Schwerpunkte & Themen der SPD-Fraktion Mitte für die BVV am 28. Januar 2021

Veröffentlicht am 13.01.2021 in Antrag

Es ist zwar noch eine Weile hin, wir haben in der letzten Fraktionssitzung aber bereits einige Anträge und Große Anfragen für diese Sitzung vorbereitet. Weitere werden folgen. Außerdem bringen wir eine Reihe von Schriftlichen Anfragen ein.

Anträge

Verkehrsberuhigung im Sprengelkiez

Das BA wird gebeten, im Sprengelkiez verschiedene Maßnahmen umzusetzen, damit der Durchgangsverkehr mit motorisierten Kraftfahrzeugen unterbunden und Konflikte gemindert werden.

Dazu sind vor allem in Erwägung zu ziehen:

  1. Umwandlung des Nordufers zwischen Föhrerstraße und Lynarstraße – mit Ausnahme Bereich am Pekinger Platz - in eine Fahrradstraße,
  2. Entschärfung der Konflikte zwischen Fußgänger*innen und Radfahrer*innen auf dem Abschnitt des Nordufers am Pekinger Platz,
  3. Prüfung von Diagonalsperren oder anderen Maßnahmen der Verkehrslenkung in der Samoastraße.

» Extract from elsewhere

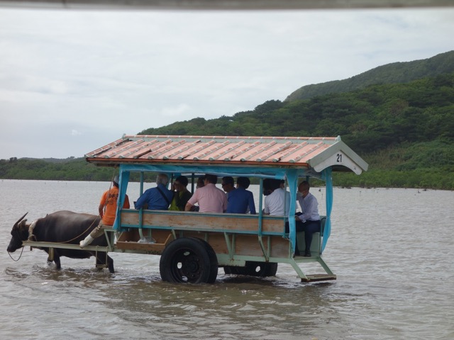 由布島への往復を水牛車で。雄と雌では力が違うため、引っ張る車の大きさが違うのだそう。

Außerdem wird das BA gebeten, ein Konzept vorzulegen, wie die gesperrten Straßenabschnitte der Tegeler Straße im Bereich der Bahn zwischen Fennstraße und Lynarstraße zu einem attraktiven Aufenthaltsraum für die Anlieger gestaltet werden kann. Die Entwidmung und Entsiegelung von Straßenraum und deren Begrünung sind erwünscht.

Begründung:

Der Sprengelkiez leidet unter dem Verkehr, insbesondere weil Autofahrer*innen die Nebenstraßen als Umfahrung der Hauptachsen Fennstraße/Müllerstraße nutzen. Zugleich kommt es zu Konflikten mit Radfahrer*innen, die das Nordufer als Teil des Radfernwegs Berlin-Kopenhagen nutzen. Im Bereich des Pekinger Platzes werden Fußgänger*innen, insbesondere auch Kinder, durch uneinsichtige Radfahrer*innen gefährdet; hier sind zumindest deutliche Markierungen erforderlich.

Sonja Kreitmair, 01.01.2021

 

Abkürzungsverkehr mit Pkws von der Stralsunder Str. 6 durch den Innenhof (DEGEWO) bis Demminer Straße 3 untersagen

Das Bezirksamt wird ersucht, sich bei der DEGEWO dafür einzusetzen, dass die Zufahrt in den Innenhof bis Demminer Str. 3 verhindert wird z. B. durch die Installierung von Pollern.

Begründung:

Häufig nehmen PKWs die rückwärtige Zufahrt zur Demminer Straße 3 über den Innenhof der DEGEWO als Abkürzung. Im Innenhof der DEGEWO befinden sich Freiflächen von 3 Kitas und einer Senior*Innenbegegnungstätte. Die Flächen werden von älteren Menschen zum Spazierengehen genutzt und der Durchgang dient vielen Kindern als Schulweg zur Vineta-Grundschule. Von diesem Abkürzungsverkehr geht eine starke Gefährdung für den geschilderten Fußgängerverkehr aus.

Ana-Anica Waldeck, 07.01.2021

 

Gute Arbeitsbedingungen für gute Arbeit – Sonnenschutzmaßnahmen für alle in der KMA 31!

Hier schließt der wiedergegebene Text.